Working with recurrence relations in SAS
This post was kindly contributed by The DO Loop - go there to comment and to read the full post. |
Many textbooks and research papers present formulas that involve recurrence relations. Familiar examples include:
- The factorial function: Set Fact(0)=1 and define Fact(n) = n*Fact(n-1) for n > 0.
- The Fibonacci numbers: Set Fib(0)=1 and Fib(1)=1 and define Fib(n) = Fib(n-1) + Fib(n-2) for n > 1.
- The binomial coefficients (combinations of “n choose k”): For a set that has n elements, set Comb(n,0)=1 and Comb(n,n)=1 and define Comb(n,k) = Comb(n-1, k-1) + Comb(n-1, k) for 0 ≤ k ≤ n.
- Time series models: In many time series models (such as the ARMA model), the response and error terms depend on values at previous time points. This leads to recurrence relations.
Sometimes the indices begin at 0, other times they begin at 1.
Working efficiently with sequences and recurrence relations can be a challenge.
The SAS DATA step is designed to processes one observation at a time, but
a recurrence relation requires looking at past values.
If you use the SAS DATA step to work with recurrence relations, you need to use
tricks to store and refer to previous values.
Another challenge is indexing: most SAS programmers are used to one-based indexing, whereas some formulas use zero-based indexing.
This article uses the Fibonacci numbers to illustrate how to deal with some of these issues in SAS.
There are several definitions of the Fibonacci numbers, but we’ll look at the definition that uses zero indexing: F_{0} = 1, F_{1} = 1, and F_{n} = F_{n-1} + F_{n-2} for n > 1. In this article, I will use n ≤ 7 to demonstrate the concepts.
Recurrence relations by using arrays
The SAS DATA step supports arrays, and you can specify the indices of the arrays.
Therefore, you can specify that an array index starts with zero. The following DATA step generates “wide” data. There is one observation, and the variables are named F0-F7.
data FibonacciWide; array F[0:7] F0-F7; /* index starts at 0 */ F[0] = 1; /* initialize first values */ F[1] = 1; do i = 2 to 7; /* apply recurrence relation */ F[i] = F[i-1] + F[i-2]; end; drop i; run; proc print noobs; run; |
You can mentally check that each number is the sum of the two previous numbers.
Using an array is convenient and easy to program.
Unfortunately, this method is not very useful in practice. In practice, you usually want the data in long form rather than wide form. For example, if you simulate time series data, each observation represents a time point and the values depend on previous time points.
Recurrence relations by using extra variables
In the DATA step, you can use the concept of “lags” to implement a recurrence relation. A lag is any previous value. If we are currently computing the n_th value, the first lag is the (n-1)th value,
which is the previous observation.
The second lag is the (n-2)th value and so forth.
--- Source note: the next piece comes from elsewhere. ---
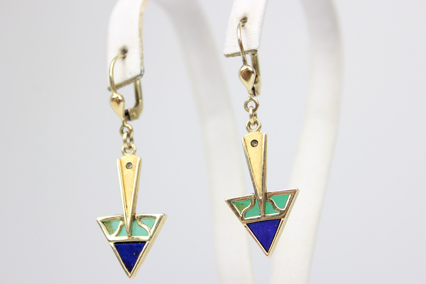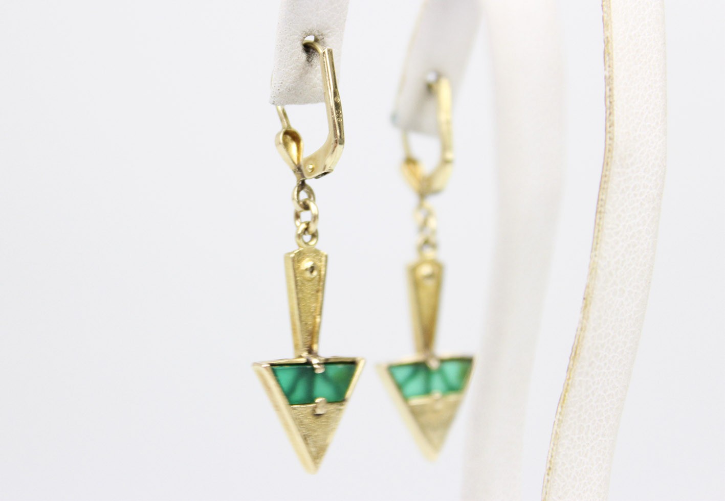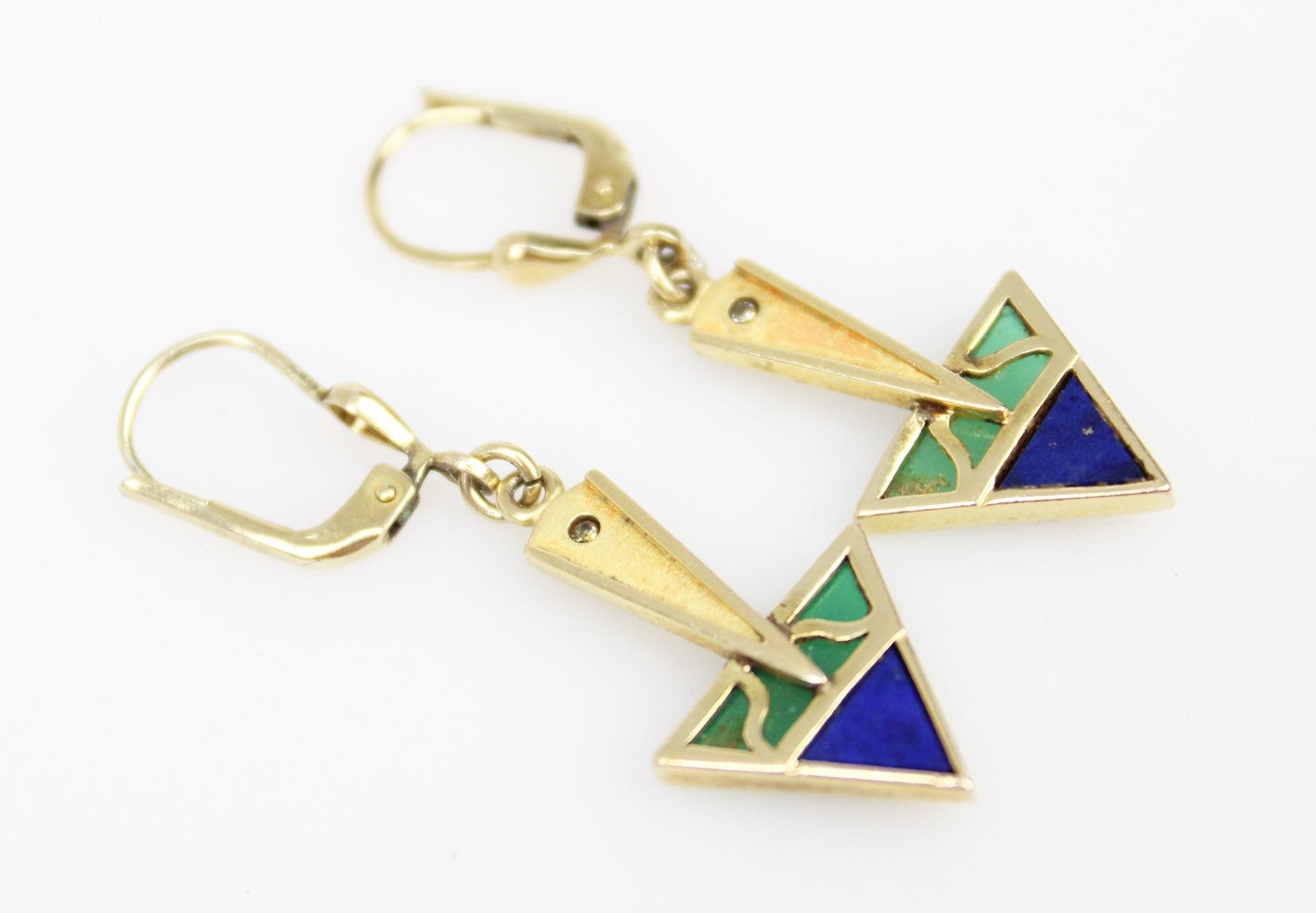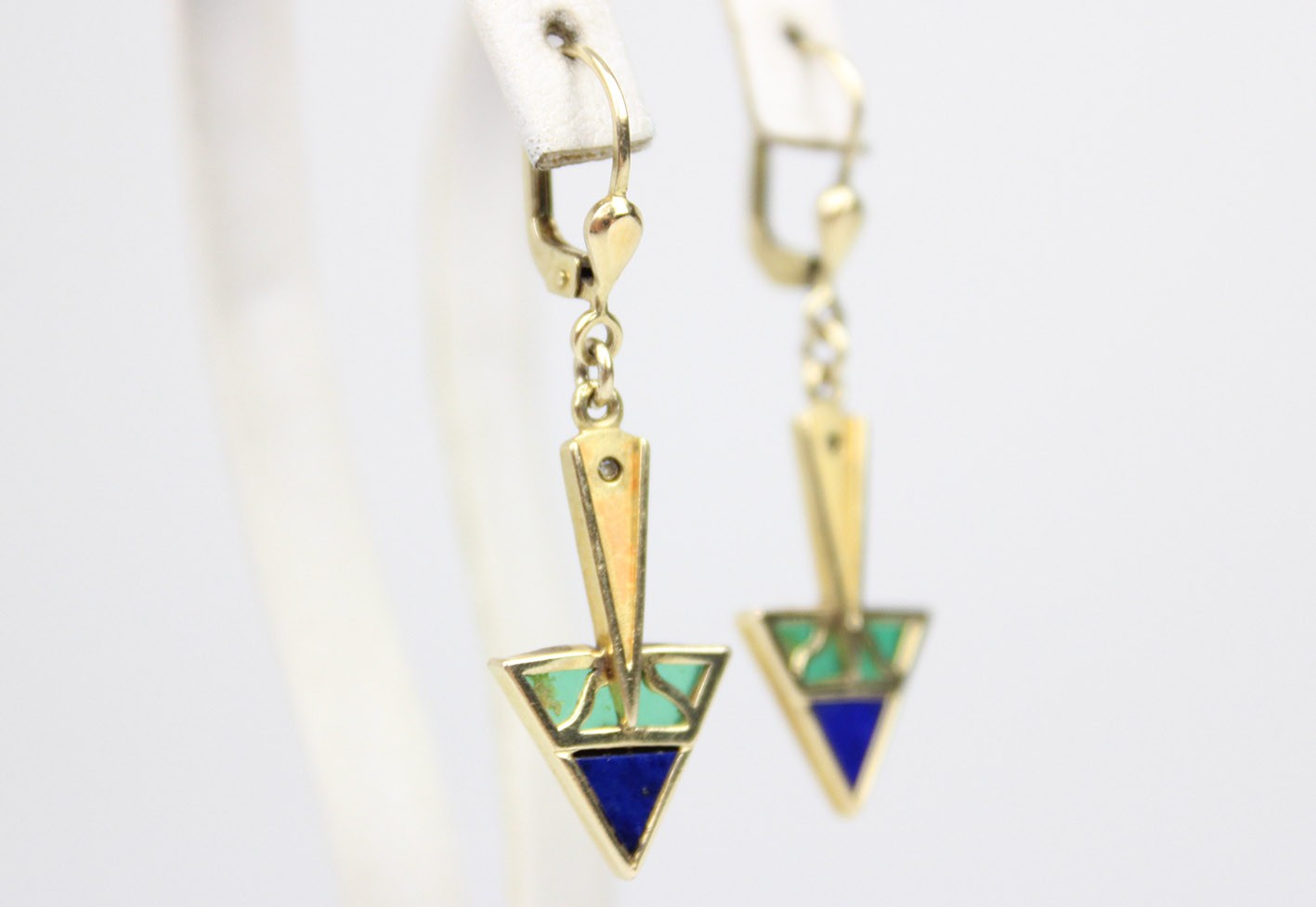 Efektowne kolczyki utrzymane w stylistyce Art Deco, wykonane w złoconym srebrze. Forma biżuterii opiera się na charakterystycznej dla okresu międzywojennego kompozycji geometrycznej – wyraźnych, ostrych trójkątach oraz smukłych, wydłużonych elementach, które nadają całości elegancką, niemal architektoniczną linię. Część dekoracyjna kolczyków zbudowana została z trójkątnego motywu zdobionego naturalnym lapisem lazuli o głębokiej, intensywnie kobaltowej barwie. Kamień pięknie kontrastuje z jasnym, półtransparentnym zielonym szkłem, które wypełnia górną część kompozycji, tworząc charakterystyczny dla biżuterii Art Deco zestaw kolorystyczny. Szklane elementy przepuszczają światło, dzięki czemu w zależności od jego natężenia i kąta padania ujawniają subtelne przejścia tonów i delikatną głębię barwy. Całość osadzona została w starannie wykonanej oprawie ze złoconego srebra o gładko polerowanych powierzchniach. W górnej części kompozycji umieszczono drobny kryształek, który stanowi subtelny akcent świetlny i dodatkowo podkreśla dekoracyjny charakter kolczyków. Kolczyki zawieszone są na klasycznych biglach. Stan zachowania bardzo dobry – konstrukcja stabilna, kamienie oraz elementy szklane dobrze zachowane, bigle sprawne. Wymiary: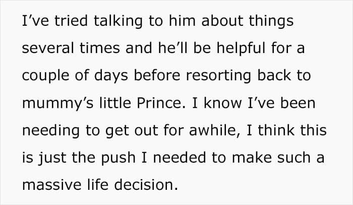 So she packed her bags and left. And when nobody did anything about rectifying this schism in the relationship, the woman distanced herself from them for good, and started the divorce process.

One way to look at previous values is to save them in an extra variable. The following DATA step uses F1 to hold the first lag of F and F2 to hold the second lag of F.
Recall that the SUM function will return the sum of the nonmissing values, so sum(F1, F2) is nonmissing if F1 is nonmissing.
data FibonacciLong; F1 = 1; F2 = .; /* initialize lags */ i=0; F = F1; output; /* manually output F(0) */ do i = 1 to 7; /* now iterate: F(i) = F(i-1) + F(i-2) */ F = sum(F1, F2); output; F2 = F1; /* update lags for the next iteration */ F1 = F; end; run; proc print noobs; var i F F1 F2; run; |
Recurrence relations by using the LAG function
The DATA step supports a LAGn function. The LAGn function maintains a queue of length n, which initially contains missing values. Every time you call the LAGn function, it pops the top of the queue, returns that value, and adds the current value of its argument to the end of the queue.
The LAGn functions can be surprisingly difficult to use in a complicated program because the queue is only updated when the function is called. If you have conditional IF-THEN/ELSE logic, you need to be careful to keep the queues up to date. I confess that I am often frustrated when I try to use the LAG function with recurrence relations.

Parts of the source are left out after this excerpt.